Taj Mahal’s zweites Eintauchen in die Musik Hawaiis fährt genau dort fort, wo er mit „Hula Blues” aufgehört hat. Mo’ Roots – Musik aus dem Geist tief empfundener Menschlichkeit sowie eine Erinnerung an die seelenvolle Kraft authentischer Roots-Musik. Neue Originale von Mahal und einige wunderbare Covers klassischer Songs von Bob Dylan, Richie Havens und Mississippi John Hurt finden wie selbstverständlich zu einem neuen schlüssigen Ganzen zusammen im stets gut gelaunten kollektiven Geist des „Hula Blues”. Neue Musik eines einzigartigen Künstlers, dessen Kreativität sich wie auf wundersame Weise ständig zu erneuern scheint.

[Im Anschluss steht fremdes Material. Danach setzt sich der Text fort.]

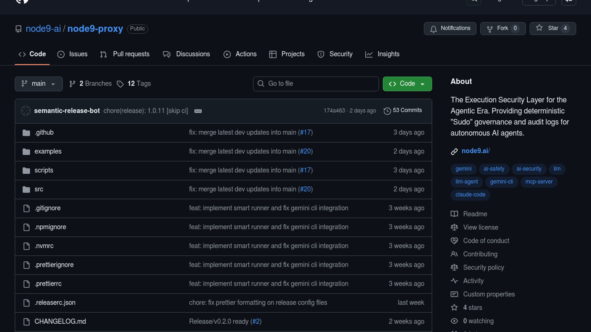 Node9 Proxy is an Apache-2.0 open-source execution security layer for AI agents that intercepts shell commands, tool calls, and API calls before they run. It adds multi-channel approvals, policy-based blocking, and node9 undo git snapshots so bad agent edits can be rolled back fast.
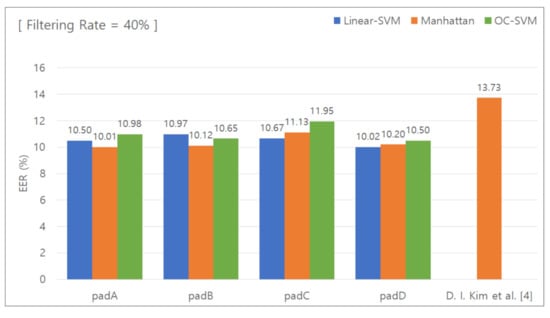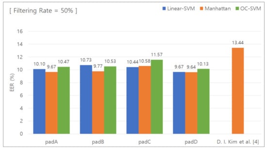 4], the EER was 3.43 to 4.82% lower. It was found that, as the filtering process proceeded further, the measured EER continued to decrease. With the data features in the lower 50% group removed, the EER was 9.67%, 9.77%, 10.58%, and 9.64%. When the data features in the lower 50% group were removed, the EER was 13.44% in [

TAJ MAHAL – Vocals, Acoustic Guitar_
PONCHO GRAHAM – Acoustic Bass,
KESTER SMITH – Drums_
PAT COCKETT – Liliu Ukulele, Vocals on „Moonlight Lady
MICHAEL BARRETTO – Baritone Ukulele
WAYNE JACINTHO – Tenor Ukulele, Vocals on „Livin on easy“
FRED LUNT – Hawaiian Steel Guitar_
RUDY COSTA – Tenor Saxophone, Curved Soprano, Kalimba, Piccolo Flute, Alto Saxophone, ClarinetCARLOS ANDRADE – Slack-Key Guitar, vocals on „Moonlight Lady“_
Aufgenommen: 14. bis 16. August 2000 im Moments, Bremen und am 17. February 2000 im Messenger Studio, Kauai, Hawaii
„The songs here are showcasing what can happen when like-minded people from different backgrounds (here we have Afro-Caribbean, Afro-American, Pacific Islander, Portugese and other European ancestries) are creating a cultural blend full of joy, love and harmony. At its very core it is the exiting universal language of music. Some songs are new and written with the group in mind, others are songs you’ve heard in Southern blues style.“
TAJ MAHAL
Dieses Motto stellte Taj Mahal seiner erfolgreichen ersten hawaiianischen Platte vorweg (Taj Mahal & The Hula Blues, 1997, T & M 009/Indigo) und es ließe sich problemlos auch als Vorwort für die neue Produktion HANAPEPE DREAM verwenden. „Never change a winning concept“, so möchte man das beliebte Sportlermotto über den Wert eines erfolgreichen Teams fast abwandeln, denn das Konzept der ersten Produktion hatte sich als so geschlossen und gut erwiesen, daß schon der Instinkt gebot, die Dinge so entspannt laufen zu lassen, wie schon beim ersten auf CD dokumentierten Ausflug Mahals in die musikalische Kultur Hawaiis. Im übrigen ist Taj Mahal heute wieder so oft wie möglich auf Hawaii, wo er seit Anfang der 80er Jahre immerhin mehr als ein Jahrzehnt lang auf der Insel Kauai lebte.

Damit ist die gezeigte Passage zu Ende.